#### Data ####
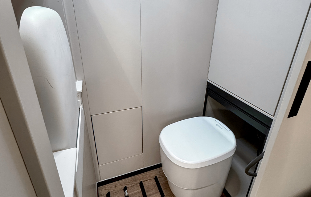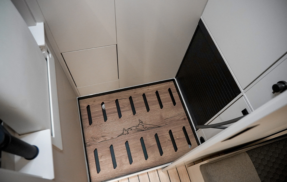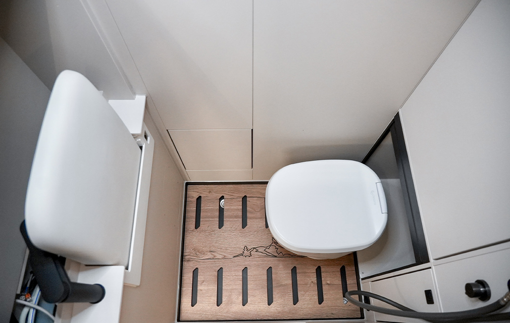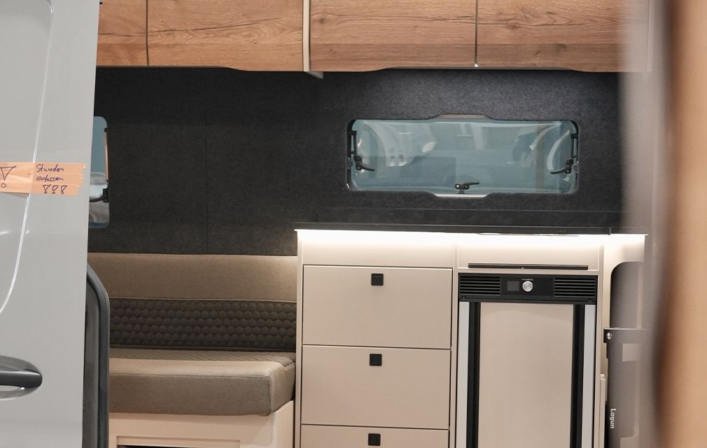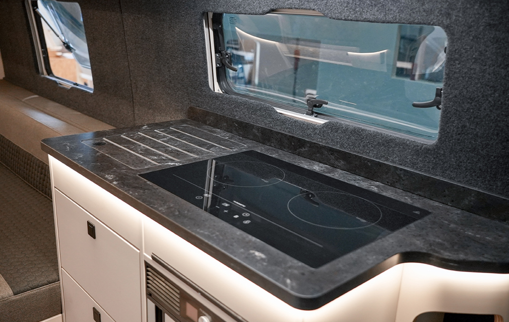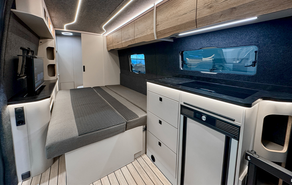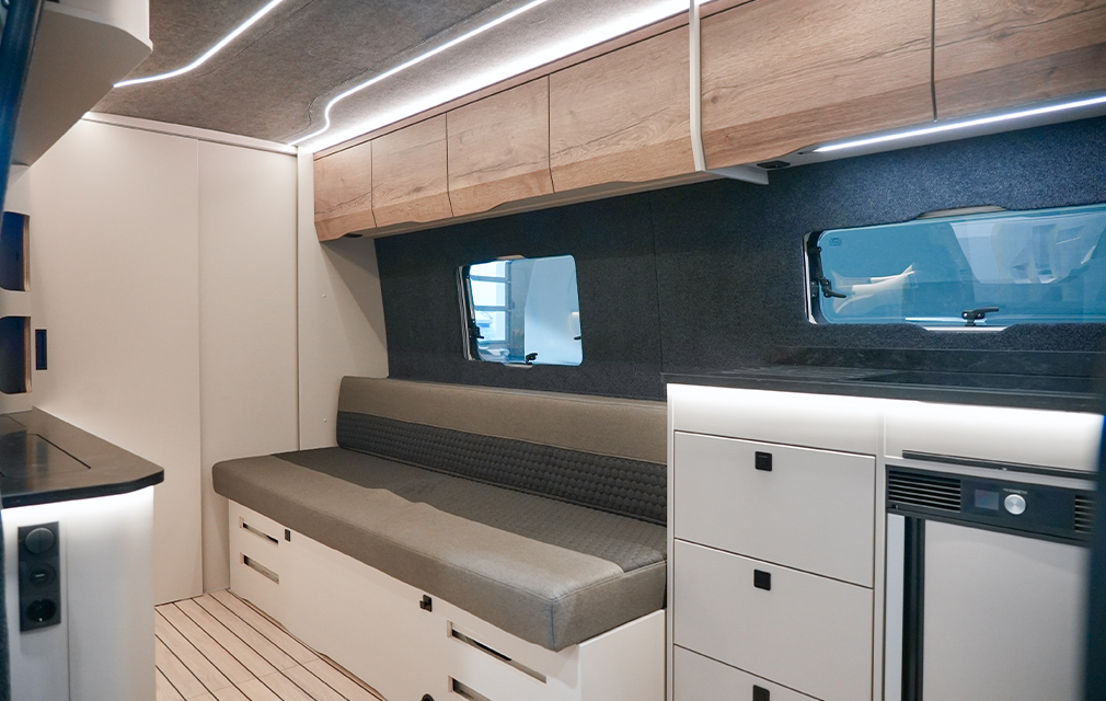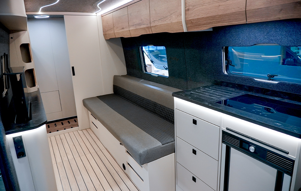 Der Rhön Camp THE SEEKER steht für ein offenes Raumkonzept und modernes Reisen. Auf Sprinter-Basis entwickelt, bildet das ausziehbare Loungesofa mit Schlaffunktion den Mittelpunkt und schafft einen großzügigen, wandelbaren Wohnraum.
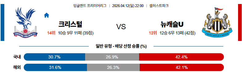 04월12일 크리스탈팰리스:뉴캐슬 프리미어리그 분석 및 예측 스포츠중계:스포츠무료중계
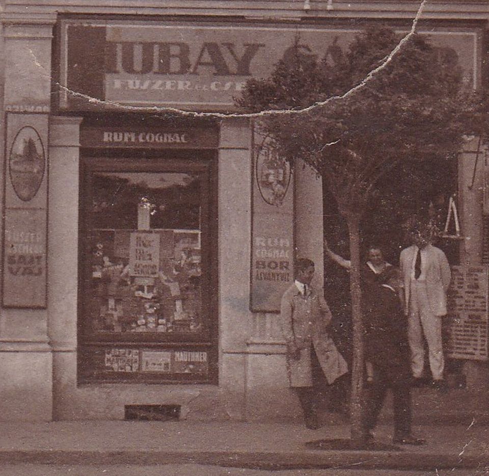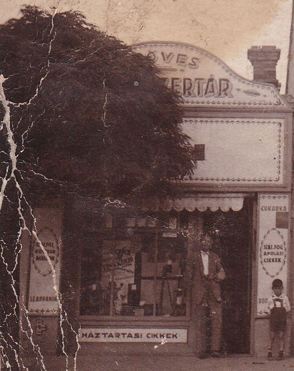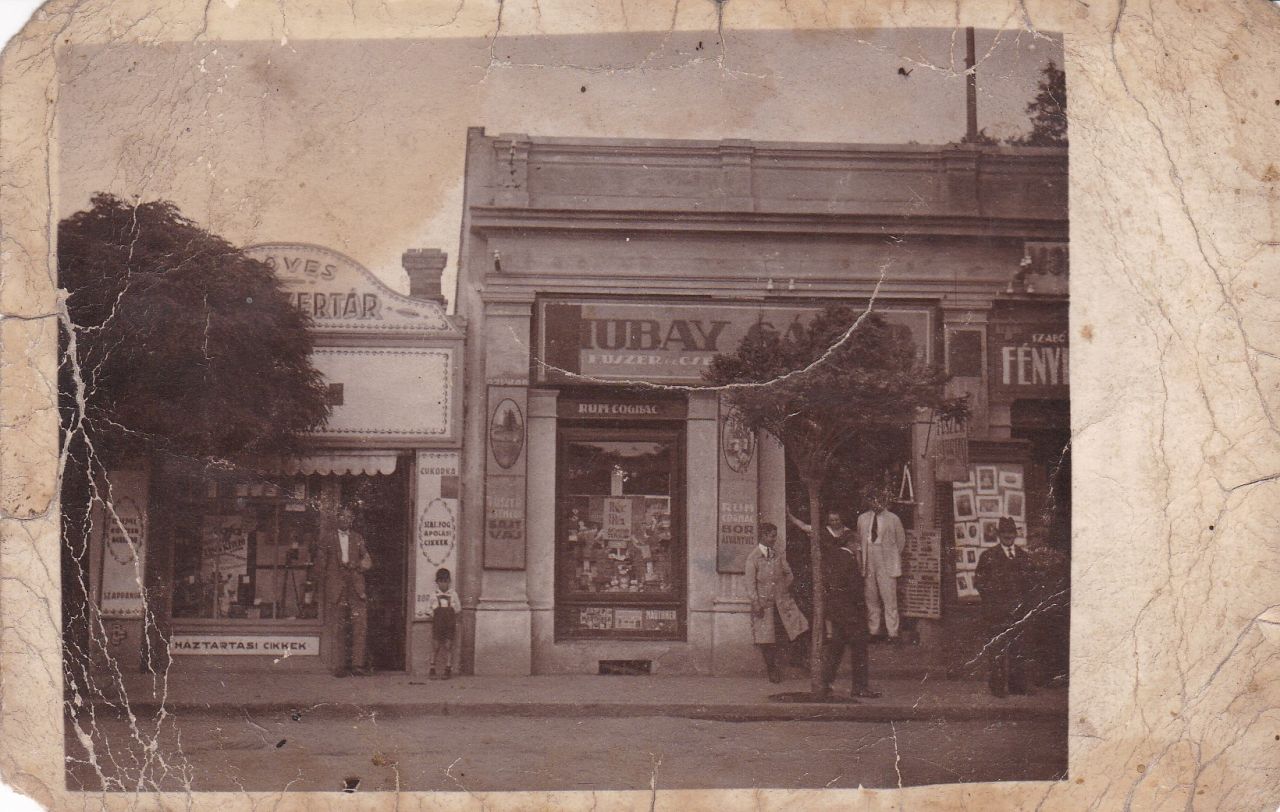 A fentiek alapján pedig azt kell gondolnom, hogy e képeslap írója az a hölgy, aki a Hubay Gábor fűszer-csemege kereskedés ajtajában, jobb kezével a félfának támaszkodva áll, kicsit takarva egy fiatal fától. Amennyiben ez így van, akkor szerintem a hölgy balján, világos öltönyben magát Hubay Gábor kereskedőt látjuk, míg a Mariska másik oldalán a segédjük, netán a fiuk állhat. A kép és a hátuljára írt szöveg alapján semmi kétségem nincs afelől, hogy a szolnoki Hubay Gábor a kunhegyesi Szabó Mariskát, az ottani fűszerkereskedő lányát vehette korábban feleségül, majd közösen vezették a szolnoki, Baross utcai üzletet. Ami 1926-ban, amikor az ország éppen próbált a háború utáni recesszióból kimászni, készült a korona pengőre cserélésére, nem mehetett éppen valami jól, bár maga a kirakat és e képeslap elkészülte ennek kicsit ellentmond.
####
From the first line above to the line containing "04월12일 크리스탈팰리스:뉴캐슬 프리미어리그", repeat each line exactly. Pictures stay out.

 Der Rhön Camp THE SEEKER steht für ein offenes Raumkonzept und modernes Reisen. Auf Sprinter-Basis entwickelt, bildet das ausziehbare Loungesofa mit Schlaffunktion den Mittelpunkt und schafft einen großzügigen, wandelbaren Wohnraum.
 04월12일 크리스탈팰리스:뉴캐슬 프리미어리그 분석 및 예측 스포츠중계:스포츠무료중계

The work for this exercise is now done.